19 setembro, 2007

CRÓNICA DA CASA FUTURANTE
O plano do mundo à imagem das palavras


(III)

Dar a cada objecto o lugar que lhe pertence é
uma regra
de justiça imanente.
Escrever é a única arte que o permite
.
(Maria Gabriela Llansol,
Lisboaleipzig 1)


Uma casa, ao ser abandonada, sofre? «A casa que vai ser deixada sofre — está a morrer» (M. G. Llansol). Se os lugares falam, por que não hão-de sofrer? Os objectos que ficaram na casa erma falam (de quem os deixou) e sofrem (a passagem das horas, a ausência da mão que lhes toca). Estão ali à espera de quem os salve. Os objectos da casa vivem em contexto, envolvimento, relação. Isolados, morrem, como se morre de inanição da voz. Não falam, definham. Não é o pó que os cobre que nos diz, lhes diz, que estão mortos, é a ausência dos outros.

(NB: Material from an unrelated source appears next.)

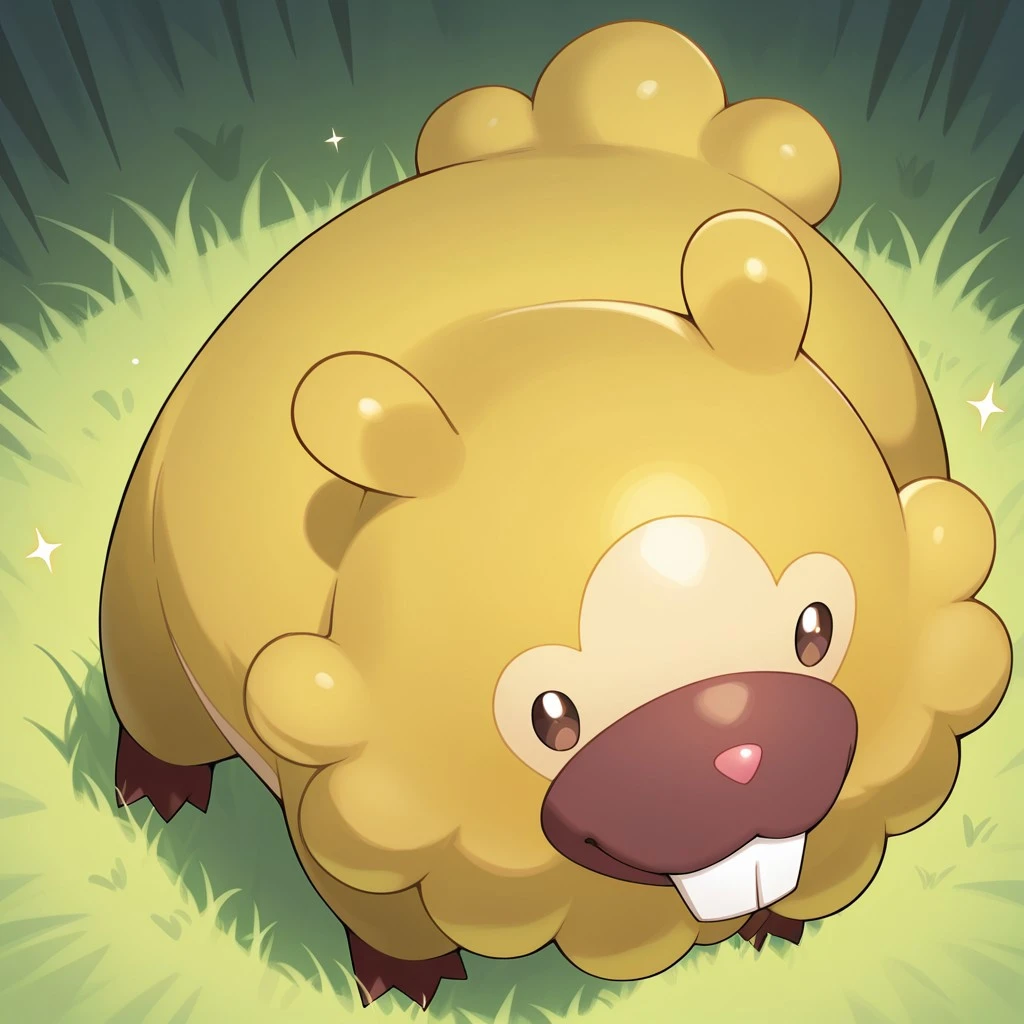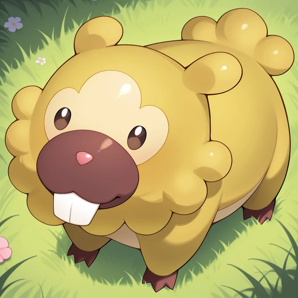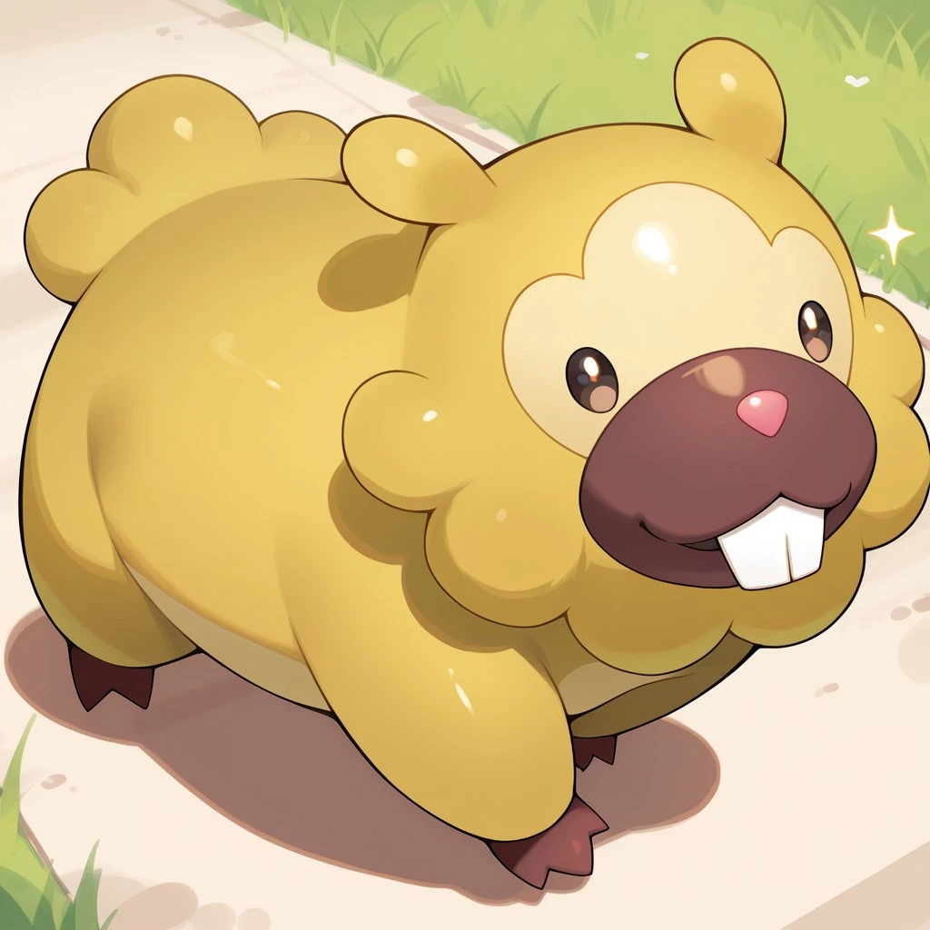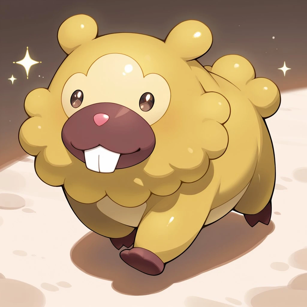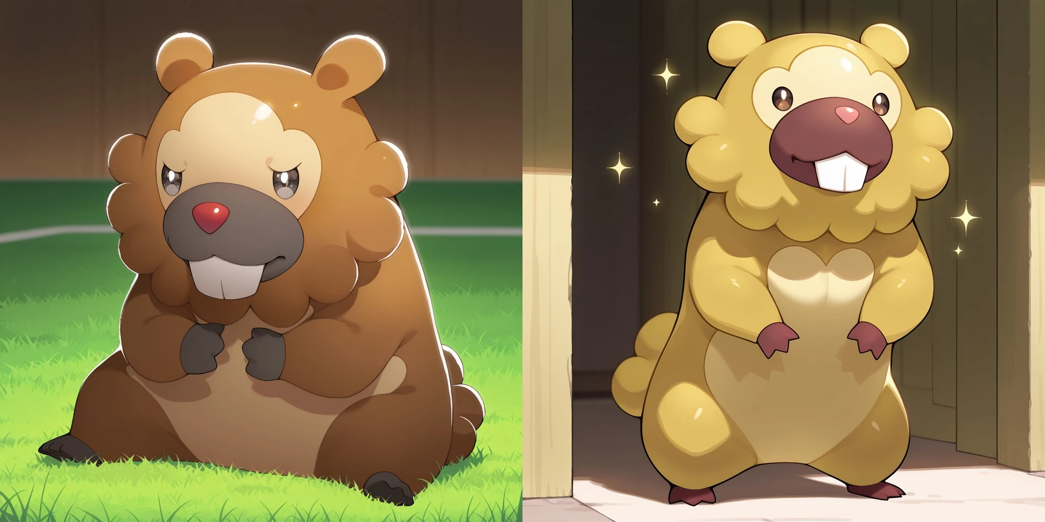bidoof, shiny, yellow fur, peach face, beady eyes, pink nose, maroon muzzle, buck tooth, peach underbelly, maroon feet, fluffy tail

O ferro de engomar enferrujado e sozinho numa prateleira da despensa olha-me, e vejo pousar nele a mão da criada que, uma vez por semana, passava a roupa a ferro no quarto dos fundos (quantas vezes já vi/li esta imagem em romances de todo o mundo?). A ausência da mão e do calor das brasas é a sua dor. No dia em que o olhei e lhe dei nova vida numa fotografia, estou certo de que se sentiu vivo.


«Para a memória, é essencial reconhecer os lugares em que os acontecimentos se produziram.» (M. G. Llansol). «Engana-se e priva-se do melhor quem se limitar a fazer o inventário dos achados, e não for capaz de assinalar, no terreno do presente, o lugar exacto em que guarda as coisas do passado.» (Walter Benjamin, «Escavar e recordar»).


Para os lugares e os objectos, se não forem de todo apagados da face da terra, é vital regressarem um dia à vida. Para isso, basta que alguém os olhe de novo, e de algum modo sinta como seu o seu abandono, os deixe falar e lhes fale. E o único modo possível deste diálogo é o da escrita, ou da imagem, em que renascem. Essa é, com a dos olhares, a única linguagem que ainda entendem.